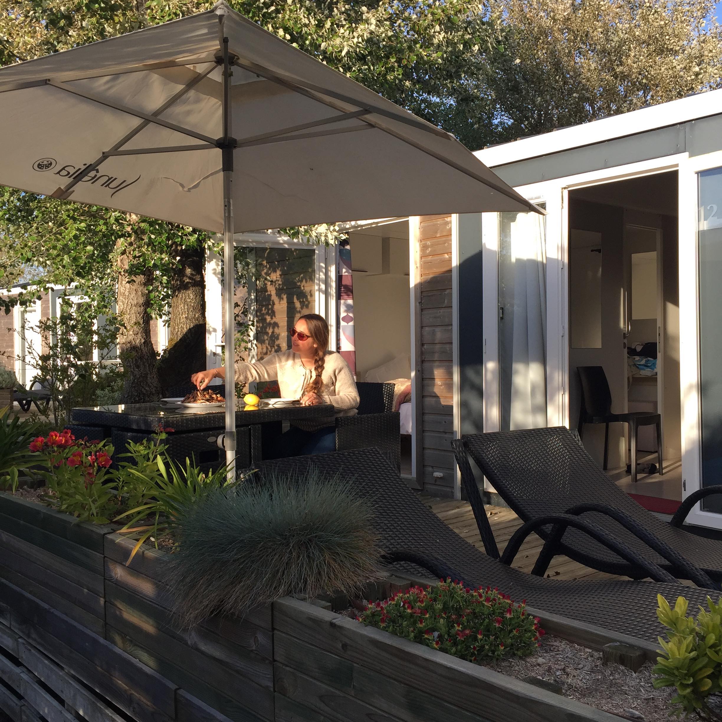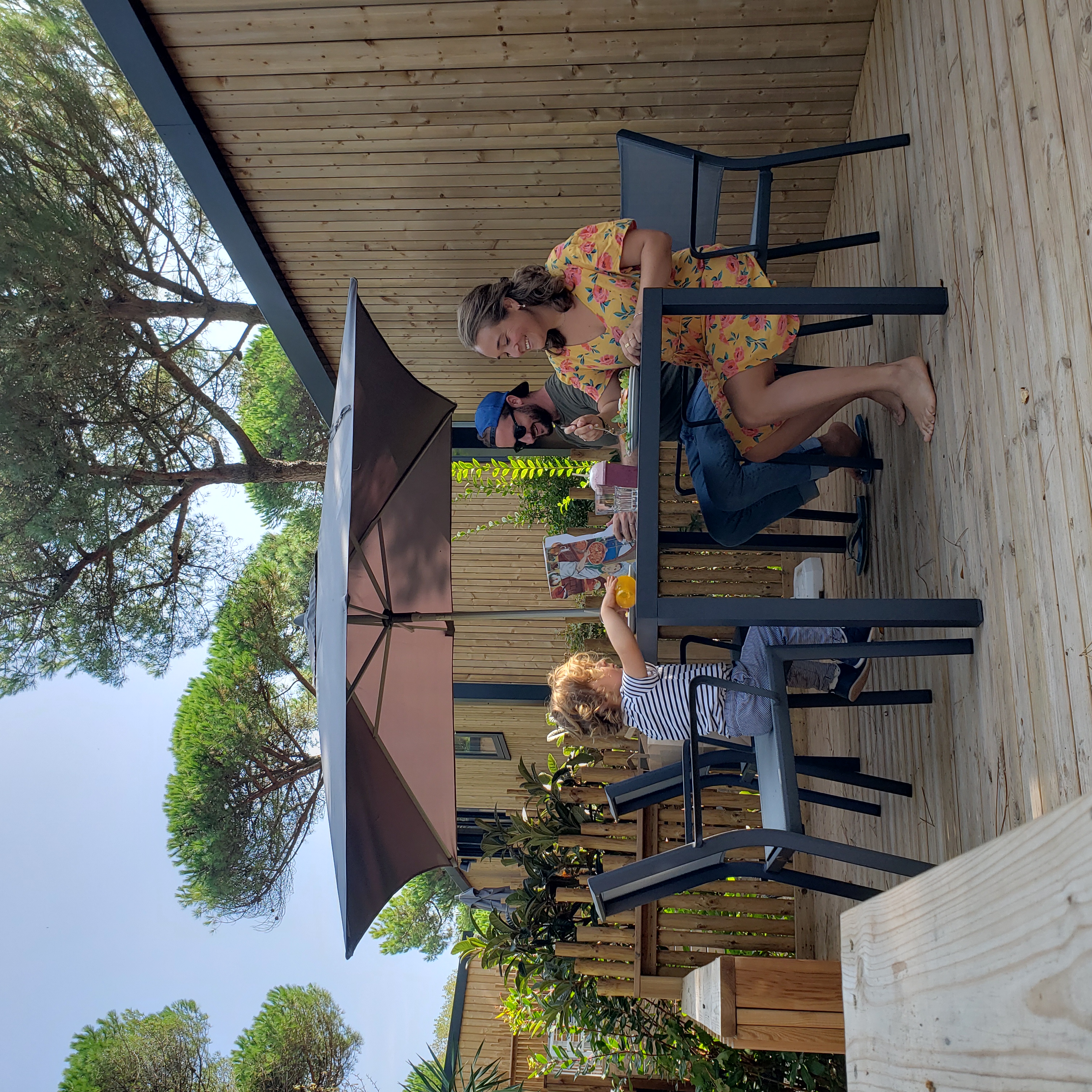 Update 2020 : cette année nous avons logé dans un mobil home Sunêlia Luxe Key West : 2 chambres, 2 salles de bain sur 40 m2, un intérieur design et une grande terrasse en bois donnant sur la forêt ! Les lits sont faits à l’arrivée, le linge de toilette est à disposition et le ménage de fin de séjour est pris en charge par le camping… autant vous dire que c’est le pied pour se relaxer à 100% ! Nous avons adoré ce mobil home aussi, et avons pris tous nos repas du petit-déjeuner au dîner sur la terrasse si agréable.
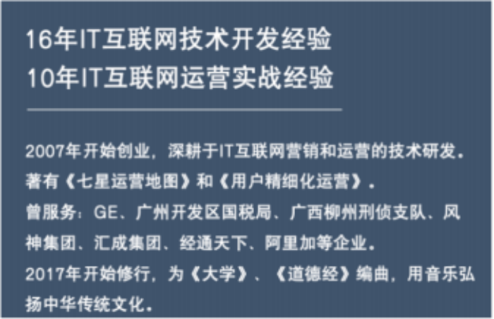 所有企业拥有软件著作权超过50个。写有畅销书《用户精细化运营》,还是国 内知名的音乐创作人。
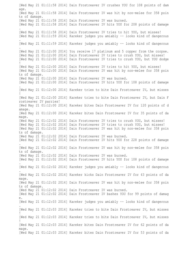 [Wed May 21 01:18:33 2014] Dain Frostreaver IV hits YOU for 108 points of damage
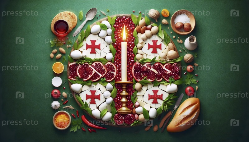 Грузинский флаг в традиции праздника и хлеба, Ai generated image
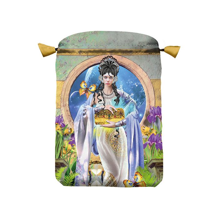 Lækker tarotkort / englekort pose i Satin med tryk af Apokalypsis - Johannes Åbenbaring. Pose er med træksnor lukning der kan bruge til alle std kort størrelser.
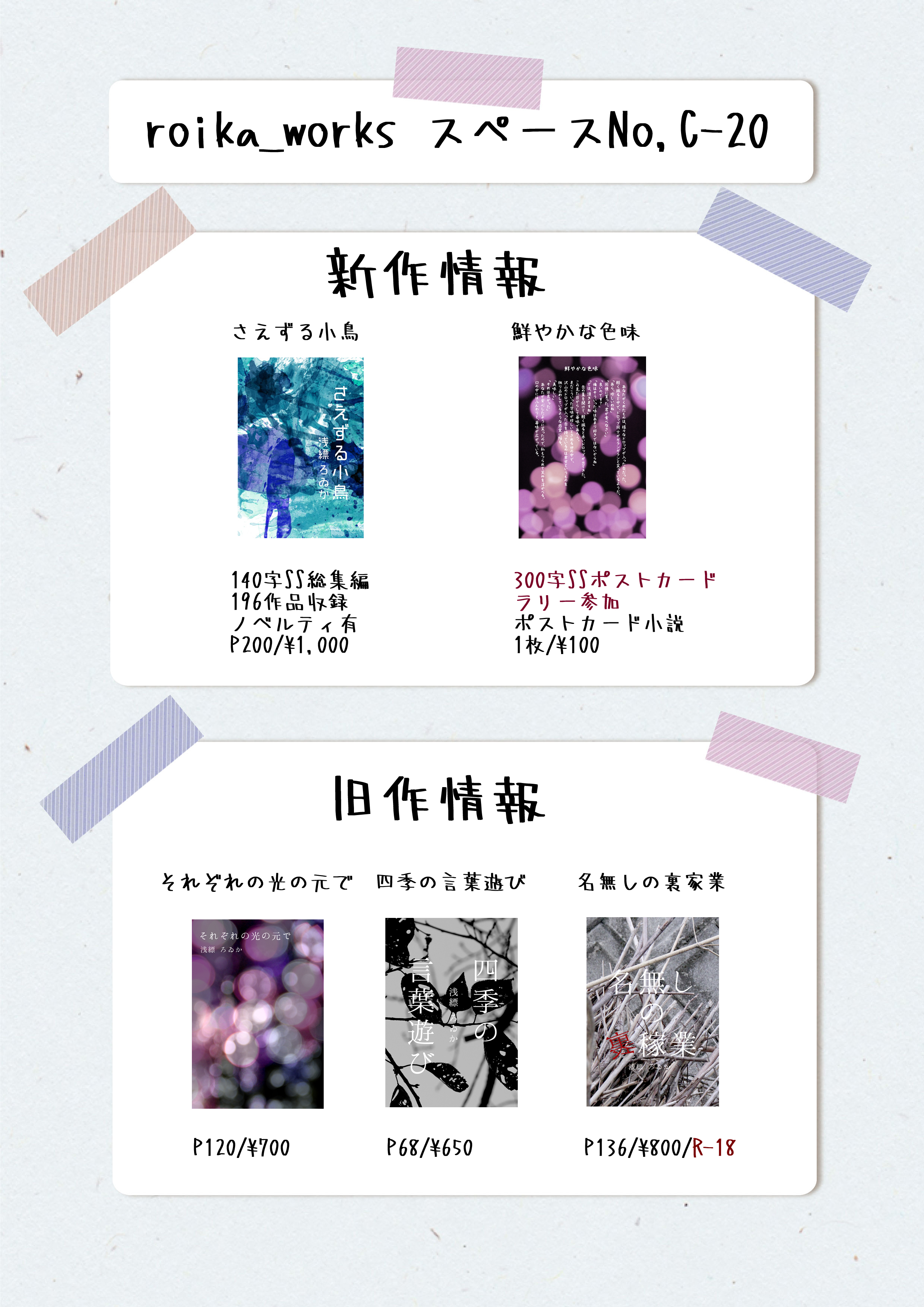 無料配布の折本やペーパーもありますので、お気軽に「C-20」まで遊びに来て下さいね。
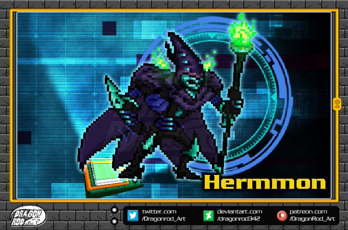 #Digimon #pixelart Hermmon . A cancelled Genome Digimon planned to be included in the V-Tamer manga. Gave it Dark Magician colors since it was never painted and that's how I see it. . #デジモン #gameart #DigitalWorld #GhostGame #Fanart #vitalbracelet #dimcard #DigimonAdventure
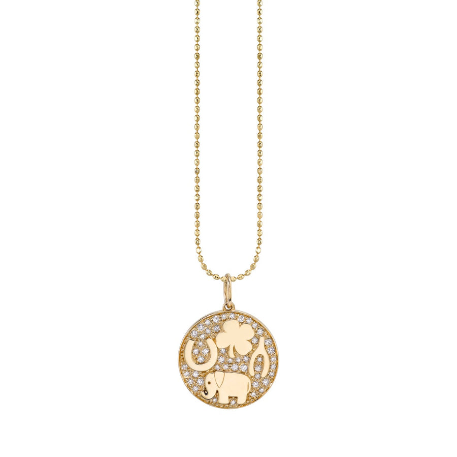 A radiant tribute to fortune and positivity, this 14k yellow gold luck tableau medallion necklace features a beautifully detailed charm adorned with pavé-set diamonds. The medallion brings together symbolic elements of luck, protection, and intention, forming a miniature talisman to carry close to your heart.
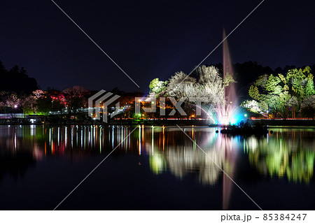 茨城県水戸市千波湖カラフルな噴水の夜景
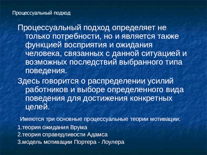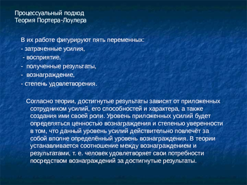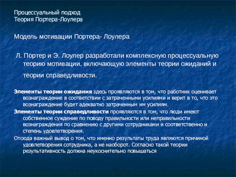 разработали комплексную процессуальную теорию мотивации, включающую элементы теории ожиданий и теории справедливости.
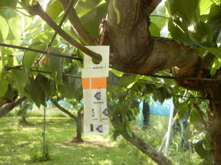 おいしい多摩川梨は8月上旬より9月下旬まで味わえます。 今年の梨販売9/20で終了いたしました。 また来年もよろしくお願いいたします。 来年は今年ほど高温・少雨(異常気象)でありませんように願います。 ★あきづき梨はコルク状果肉障害という生理障害が発生する場合があります これは外見からは判別がつきません、昨年より暑い今年はその症状が 多そうです。 見た目は悪いですが食べても問題ありません安心してご賞味ください。 ご理解のほどよろしくお願いいたします。 家族労働(自分と妻の2人)なので、もぎとりは、致しておりません。 他の梨園を紹介いたします。 営業時間9:00〜12:00(昼休憩)13:30〜18:00 店頭には可愛いい看板娘で対応しています。 新高は高温障害が出て6〜7割の新高を廃棄することとなりました 新高の木とサヨウナラしたので新高は無くなりました。 ☆2024年よりインボイス対応により消費税を頂くことになりました。 いろいろ値上げの時代ですがよろしくお願いいたします。 ここ何年か幸水・豊水の木(新植して40年以上経ち)がダメになってきて、 抜根し収穫量が少なくなりご迷惑をお掛け致します。 梨の害虫ハダニ類に対する ↓ 梨シンクイ虫コンフューザー ↓ 天敵カブリダニ類を活用した シンクイ虫性フェロモンの特異 ダニの抑制。 的作用によって対象害虫の交尾 (袋の中にカブリダニが入って を連続的に阻害し、害虫の発生 います)。 を抑制します。 どちらも梨の消毒を減らすための取り組みの一つです。
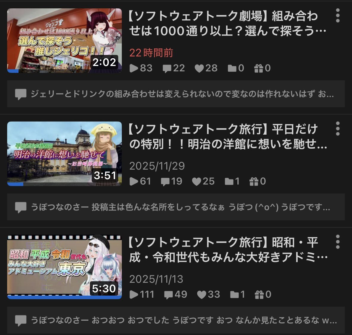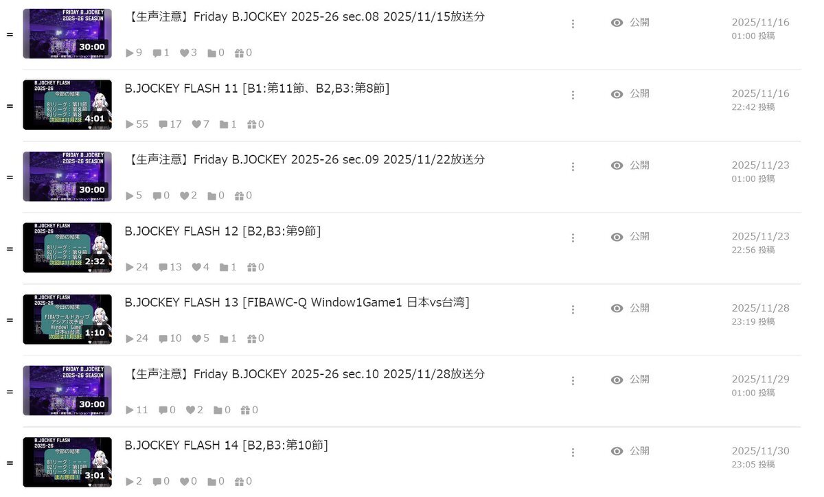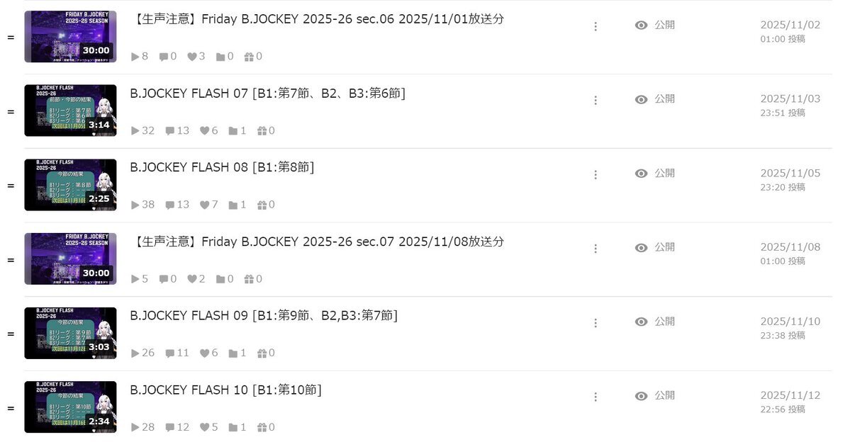 #今月投稿した動画を晒そう ポンコツ奇行×1、B.JOCKEY FLASH×7、B.JOCKEY×5 12月は、川を巡る散歩×2(徒歩旅行祭含む)と雑多な動画×1(歌もない歌謡曲2025)の予定。。。 pic.x.com/aKCinxhkJd
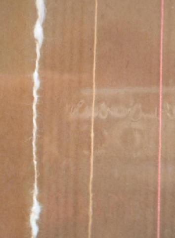 juste pour dire que ces soies se filent fins, fins....à titre de comparaison, le fil de droite est du fil à coudre! celui du milieu la soie en question et à gauche, un petit retors essai avec de la laine et bourette de soie |
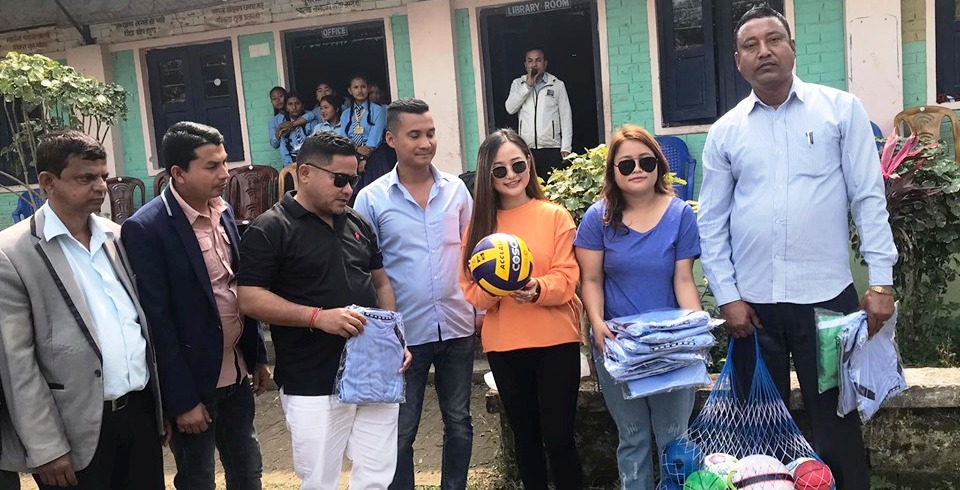 मेचीनगर ४ स्थित पशुपति माध्यमिक विद्यालयमा अध्ययनरत विद्यार्थीहरुलाई कलाकार मेलिना राईले खेलकुद सामग्री वितरण गरेकी छिन् । आज सोमबार एक कार्यक्रमकाबीच राष्ट्रिय ख्याति प्राप्त कलाकार राईले खेलकुद सामग्री प्रदान गरेकी हुन्।
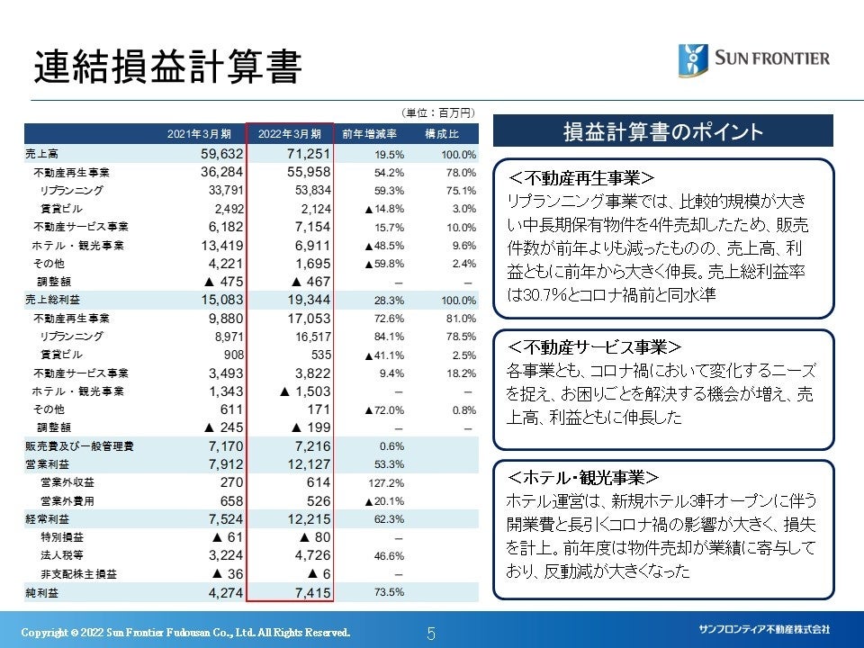2022年3月期決算を発表。不動産再生事業が業績を牽引し、利益は計画を上回る着地
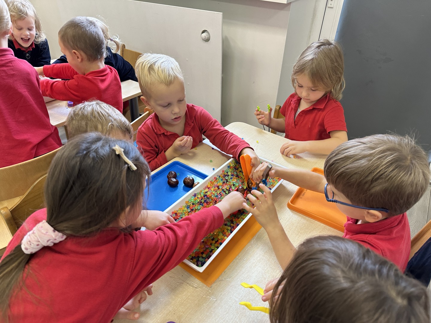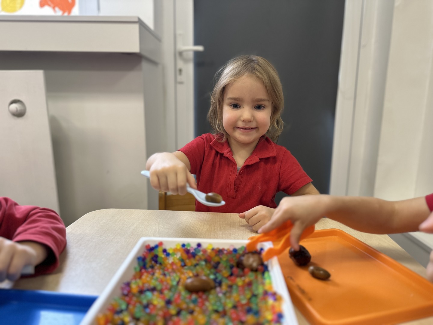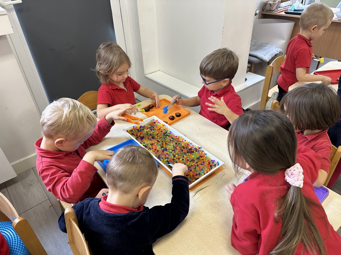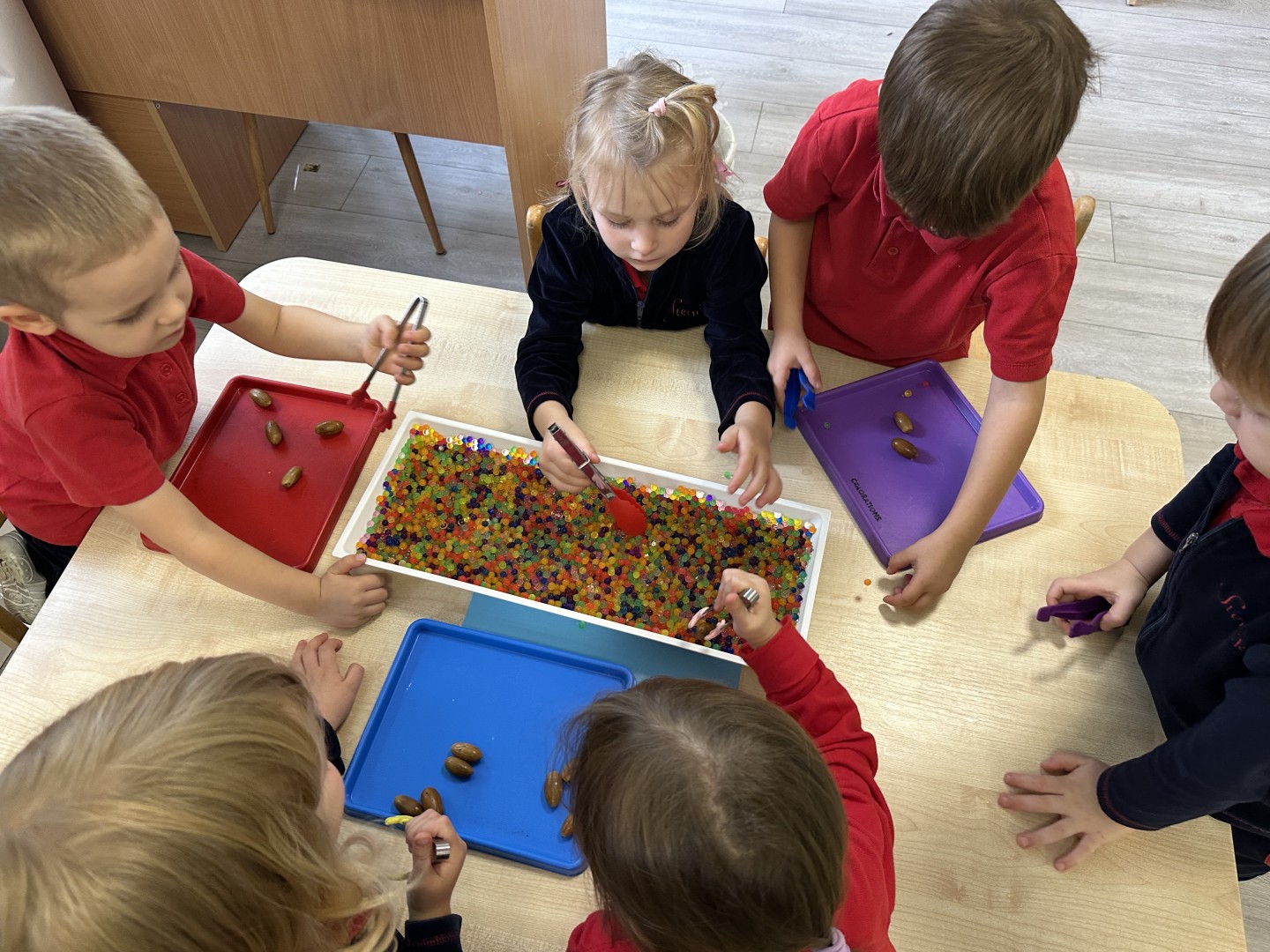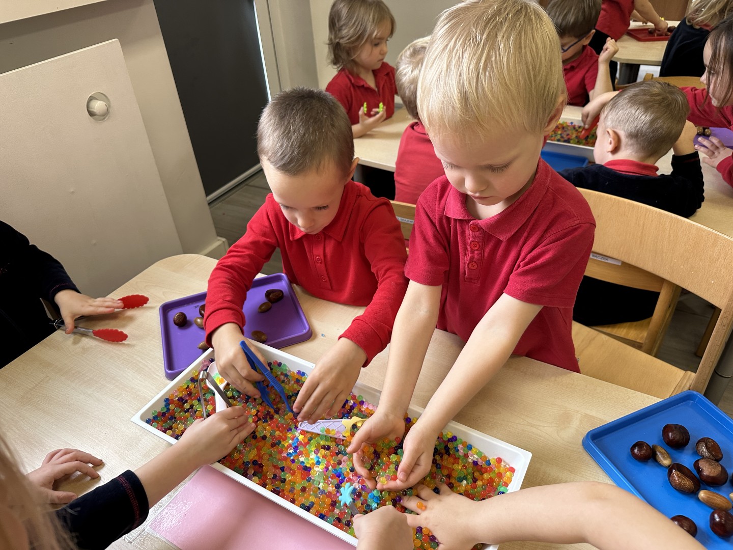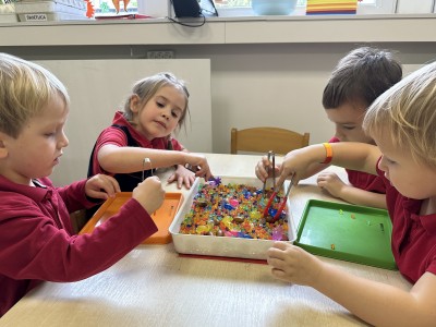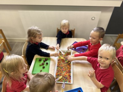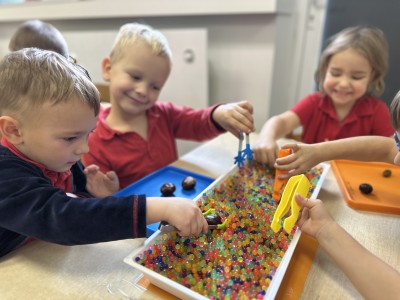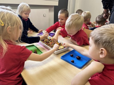Za pomocą szczypców i łyżek łowiły dary natury - żołędzie i kasztany, rozwijając przy tym motorykę małą, koordynację wzrokowo-ruchową oraz cierpliwość. Zabawa dostarczyła mnóstwo radości i satysfakcji.

▬▬▬▬▬▬▬▬▬▬

→ **About this exercise**
Start at the line containing "無料配布の折本やペーパーもあ" above and stop at the line containing "разработали комплексную процессуальную". Output those lines exactly, both included, but none of the pictures.

→ **Your solution**
 無料配布の折本やペーパーもありますので、お気軽に「C-20」まで遊びに来て下さいね。
 #Digimon #pixelart Hermmon . A cancelled Genome Digimon planned to be included in the V-Tamer manga. Gave it Dark Magician colors since it was never painted and that's how I see it. . #デジモン #gameart #DigitalWorld #GhostGame #Fanart #vitalbracelet #dimcard #DigimonAdventure
 A radiant tribute to fortune and positivity, this 14k yellow gold luck tableau medallion necklace features a beautifully detailed charm adorned with pavé-set diamonds. The medallion brings together symbolic elements of luck, protection, and intention, forming a miniature talisman to carry close to your heart.
 茨城県水戸市千波湖カラフルな噴水の夜景
 разработали комплексную процессуальную теорию мотивации, включающую элементы теории ожиданий и теории справедливости.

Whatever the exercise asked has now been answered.